Data extracted from a collection:
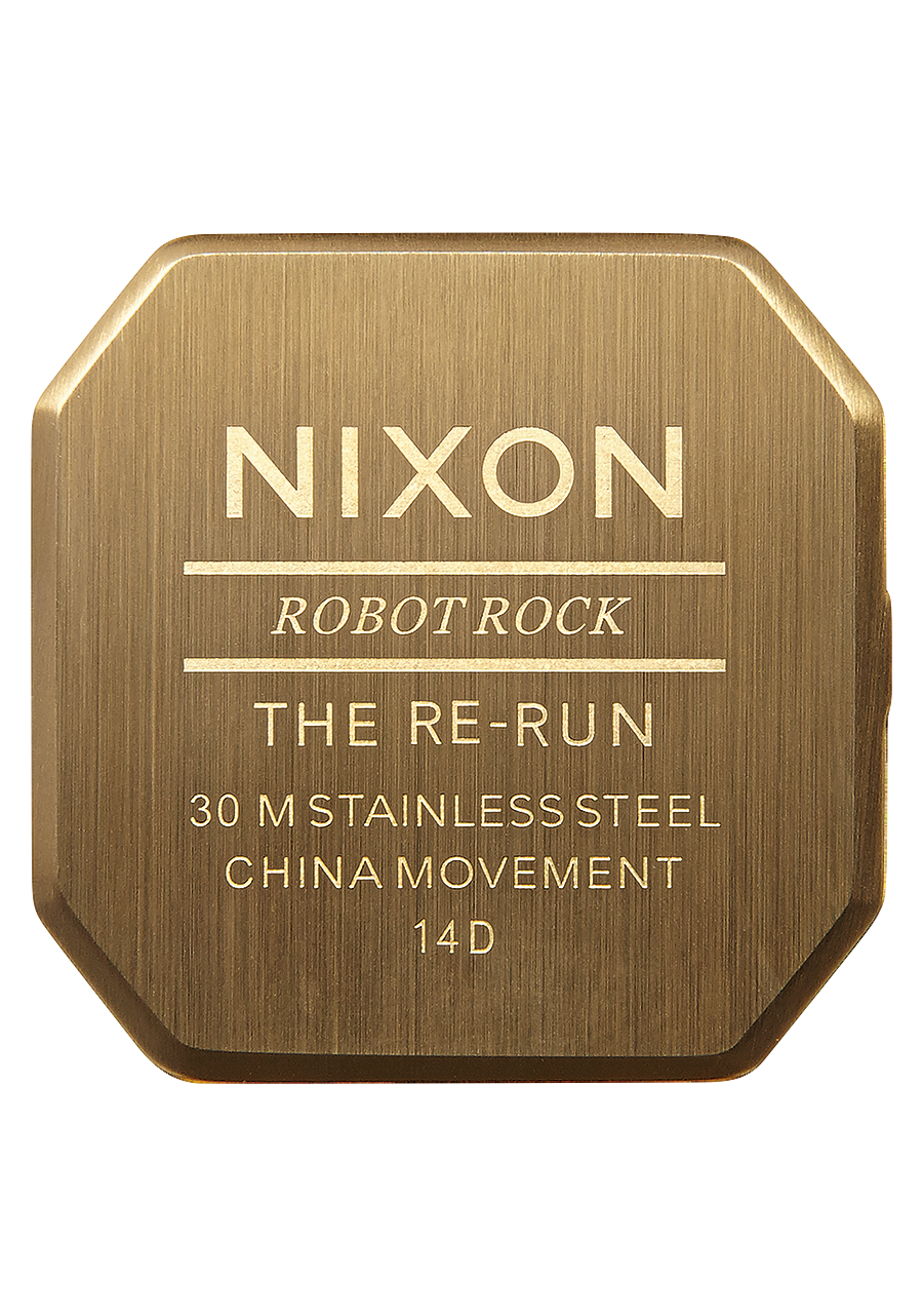 The Nixon Re-Run watch features a case made of solid stainless steel and hardened mineral crystal, providing durability for daily wear. The band is a 5-link stainless steel jewelry-style bracelet with a stainless steel locking clasp, ensuring a secure fit. The watch is designed to be durable enough for active wearers, with features like injection-molded polyurethane pushers to enhance its throwback design and functionality.
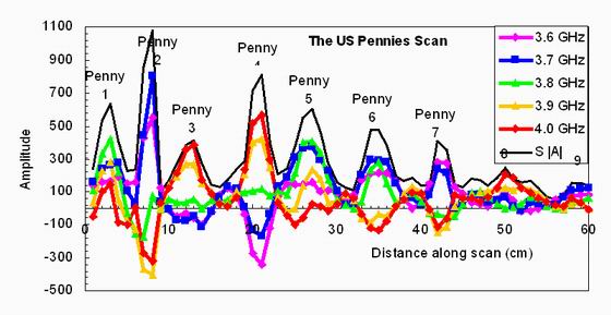 Figure 4 above, shows raw RASCAN data from a scan over 9 US pennies buried in sand at
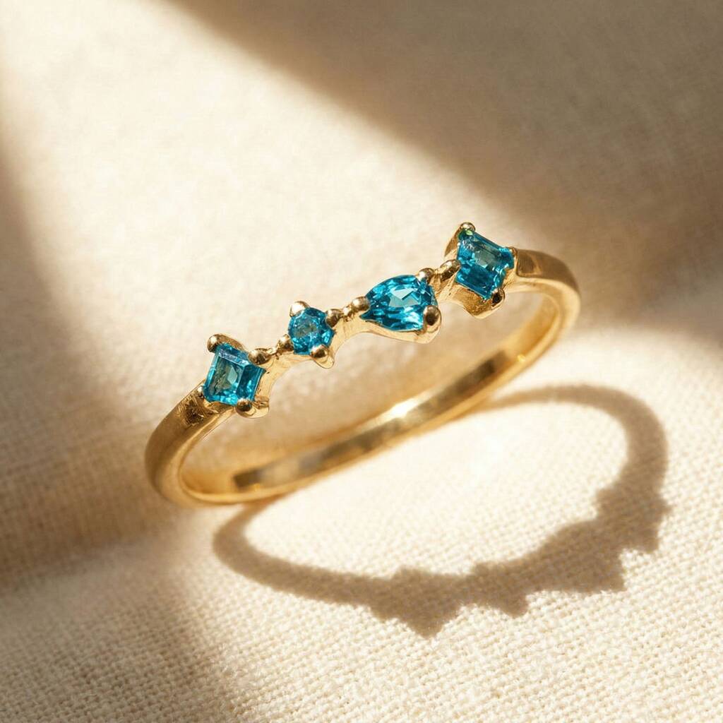 Our Adjustable Gold Vermeil Ring with Minimalist Blue Aquamarine Gemstones is a perfect blend of elegance and serenity.Featuring aquamarine, the soothing March birthstone, this ring symbolizes peace, courage, and clarity, making it an ideal gift for birthdays or anyone in need of tranquility. The adjustable design ensures a comfortable fit for everyday wear, while the minimalist aesthetic adds a modern touch to any outfit. Celebrate special moments or treat yourself to this exquisite piece that combines style with meaningful symbolism.
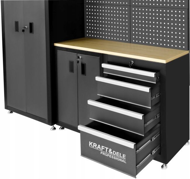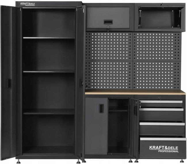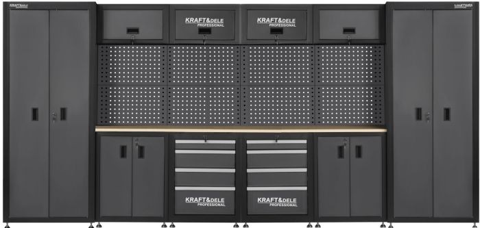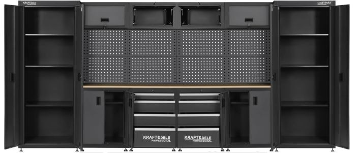 KD5862 — это полный комплект мебели для мастерской от KRAFT&DELE, разработанный с учетом потребностей профессионалов и взыскательных любителей-самоучек. Прочная конструкция, продуманная планировка и вместительное пространство для хранения делают его идеальным дополнением к любой мастерской, гаражу или технической лаборатории.
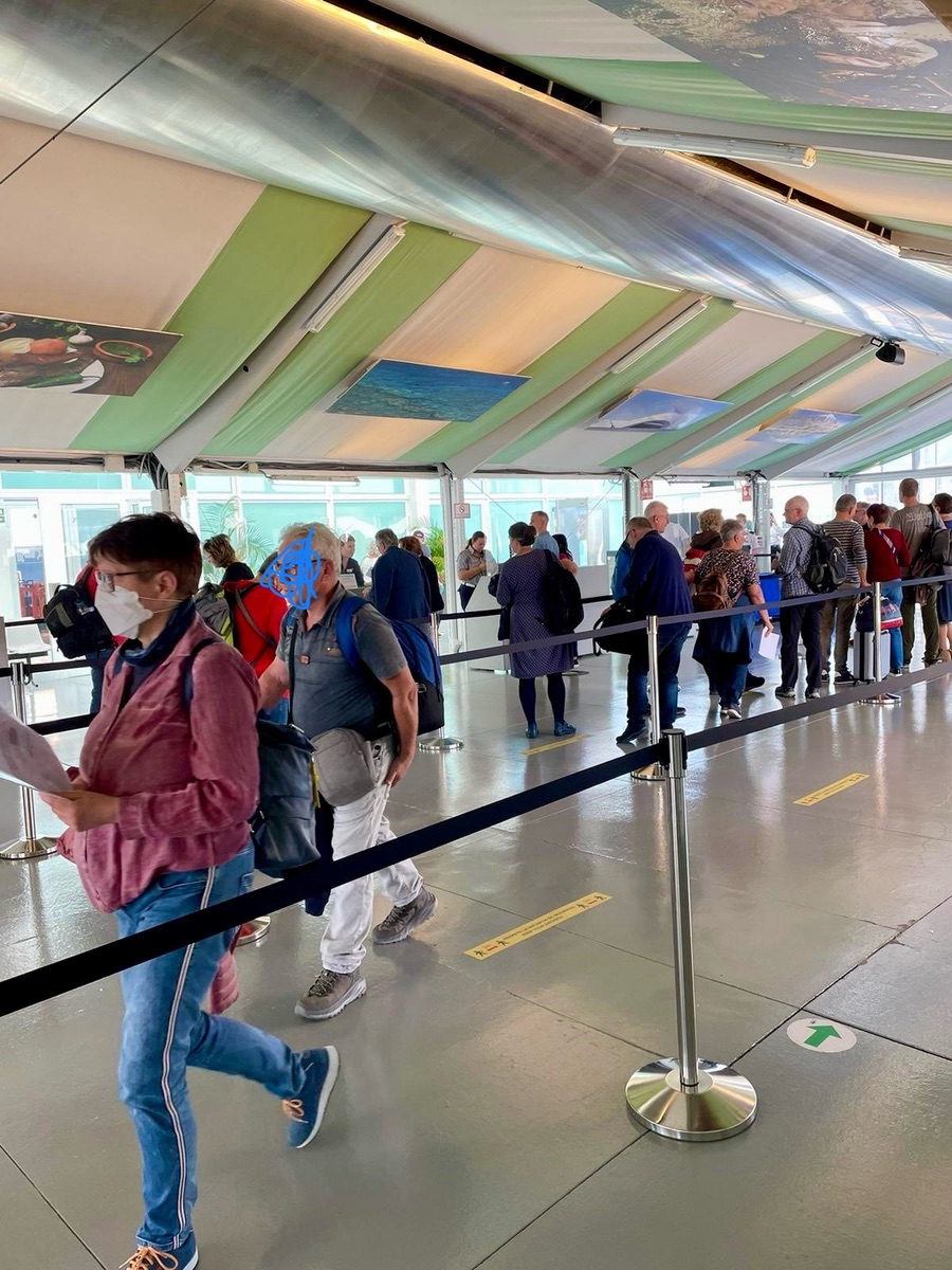 Teneriffa hat auch an der Südpier ein Terminal. Eine geschlossene Check-in Halle (Bild 1, selbst aufgenommen) und eine offene Halle für die Koffer (Bild 2, von YouTube). TUI hat dort ja schon immer die Passagierwechsel durchgeführt. Aber die Kapazitäten reichen definitiv nur für ein Schiff.
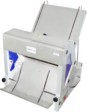 Подходит для пшеничного и ржаного хлеба. Принцип работы хлеборезки: хлеб под собственным весом проходит через вибрирующие металлические ножи.
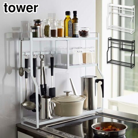 タワー コンロサイドラック 山崎実業 5234 5235【コンロ脇 コンロサイド ラック キッチン 収納 yamazaki tower タワーシリーズ】 ホワイト
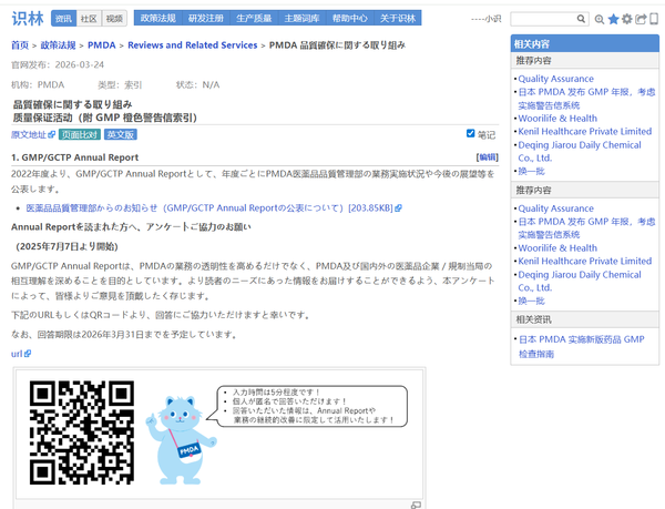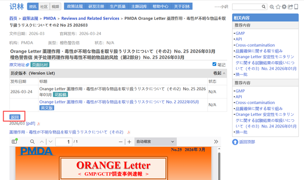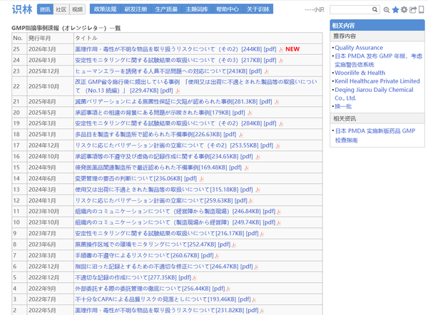 日本药品和医疗器械管理局(PMDA)“橙色警告信”是PMDA分享的GMP检查缺陷典型案例。识林将单份警告信 与《品質確保に関する取り組み》 页面通过“返回”键关联,从一份案例即可回溯至全部橙色警告信列表、GMP/GCTP年度报告等资源。PMDA发布的GMP/GCTP年度报告详细介绍了其在药品质量管理方面的业务实施与未来展望;另外,页面列出的GMP橙色警告信索引涵盖稳定性 试验结果处理、无菌 性保证缺陷等具体问题案例,为行业提供了实用参考。

What you should do >>
Could you set down exactly, and only, the lines from the line containing "タワー コンロサイドラック 山崎実業" through the last line of the records, both included, without the pictures?

Answer to this exercise >>
 タワー コンロサイドラック 山崎実業 5234 5235【コンロ脇 コンロサイド ラック キッチン 収納 yamazaki tower タワーシリーズ】 ホワイト
 日本药品和医疗器械管理局(PMDA)“橙色警告信”是PMDA分享的GMP检查缺陷典型案例。识林将单份警告信 与《品質確保に関する取り組み》 页面通过“返回”键关联,从一份案例即可回溯至全部橙色警告信列表、GMP/GCTP年度报告等资源。PMDA发布的GMP/GCTP年度报告详细介绍了其在药品质量管理方面的业务实施与未来展望;另外,页面列出的GMP橙色警告信索引涵盖稳定性 试验结果处理、无菌 性保证缺陷等具体问题案例,为行业提供了实用参考。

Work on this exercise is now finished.